**What is being asked**
Please write out exactly, without any picture, each line from the first in the listing through the line that includes "Naklejkowo to przytulna".

**Given material**
____________________

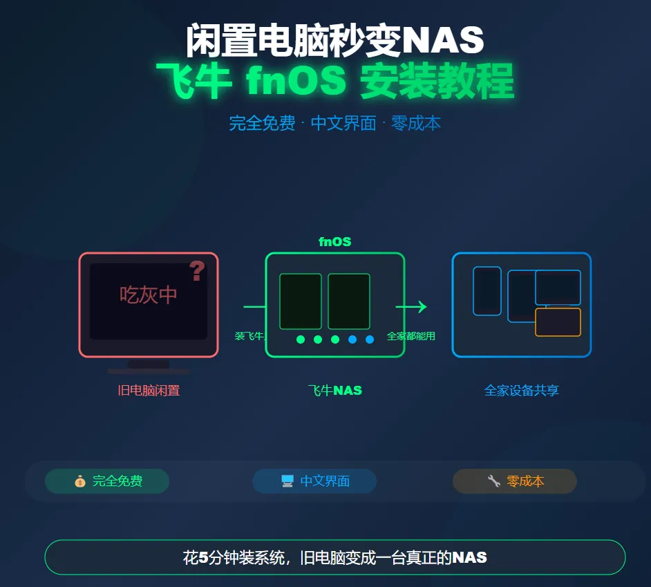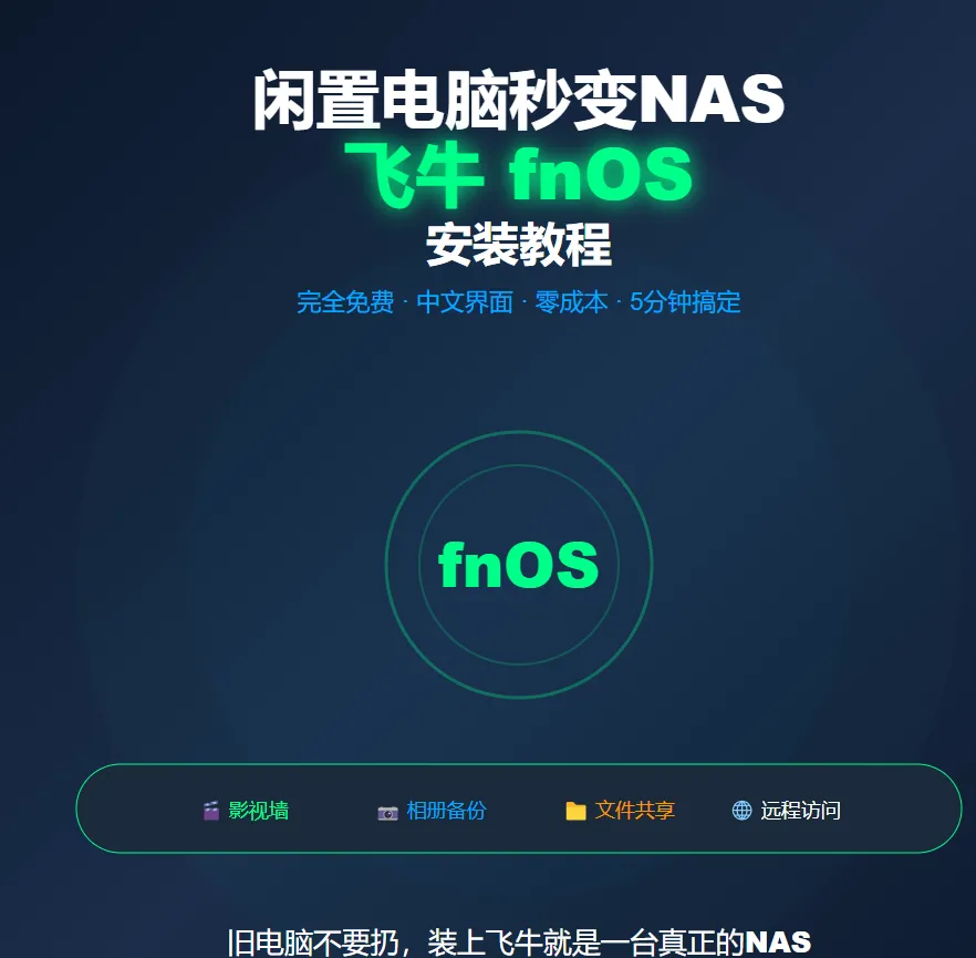 说人话就是:**你不用买群晖、不用买绿联,拿旧电脑装个飞牛系统,就变成NAS了。**
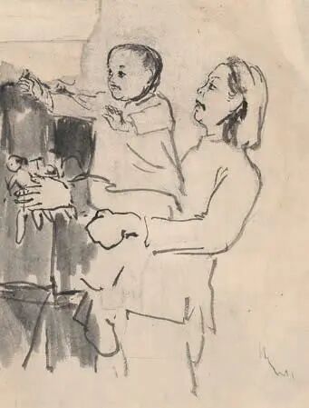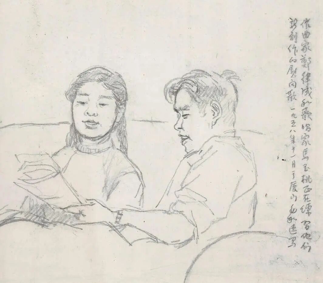 福建前线速写·郑律成和马玉桃 1958年 铅笔 纸本 21.1cm×24cm
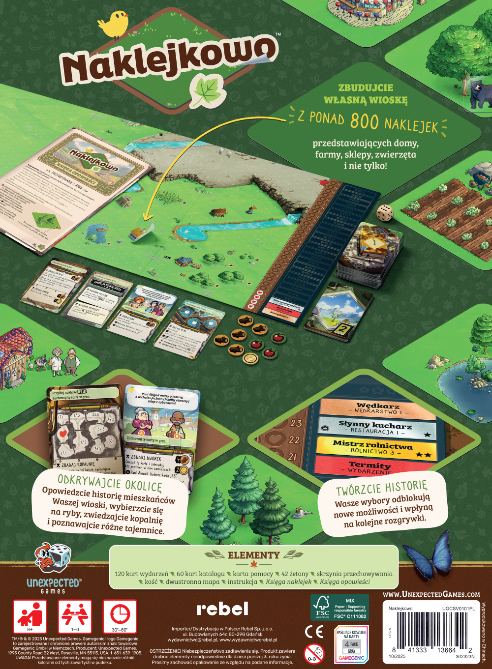 Naklejkowo to przytulna gra rodzinna, w której wspólnie rozwijamy wioskę, odkrywając przy okazji historie jej mieszkańców. Opowieść będzie toczyła się na przestrzeni 10 lat, a każda podjęta przez nas decyzja wpłynie na opisywane wydarzenia i zadowolenie poszczególnych osób, prowadząc nas do 1 z 5 unikalnych zakończeń. Postęp będziemy odnotowywali za pomocą naklejek, umieszczając na mapie kolejne budynki i postacie, a także zapisując kamienie milowe naszej opowieści.
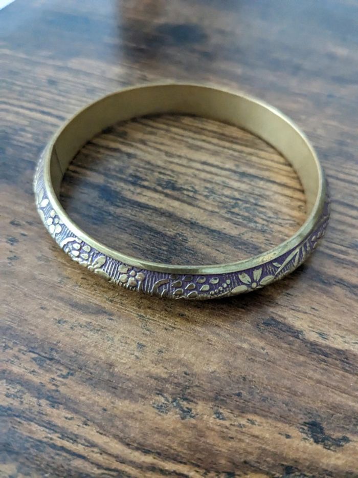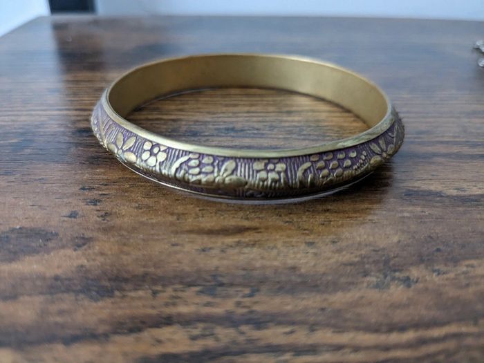 Bracelet doré et violet motif fleurs - photo numéro 1

____________________

**Response to the task**
 说人话就是:**你不用买群晖、不用买绿联,拿旧电脑装个飞牛系统,就变成NAS了。**
 福建前线速写·郑律成和马玉桃 1958年 铅笔 纸本 21.1cm×24cm
 Naklejkowo to przytulna gra rodzinna, w której wspólnie rozwijamy wioskę, odkrywając przy okazji historie jej mieszkańców. Opowieść będzie toczyła się na przestrzeni 10 lat, a każda podjęta przez nas decyzja wpłynie na opisywane wydarzenia i zadowolenie poszczególnych osób, prowadząc nas do 1 z 5 unikalnych zakończeń. Postęp będziemy odnotowywali za pomocą naklejek, umieszczając na mapie kolejne budynki i postacie, a także zapisując kamienie milowe naszej opowieści.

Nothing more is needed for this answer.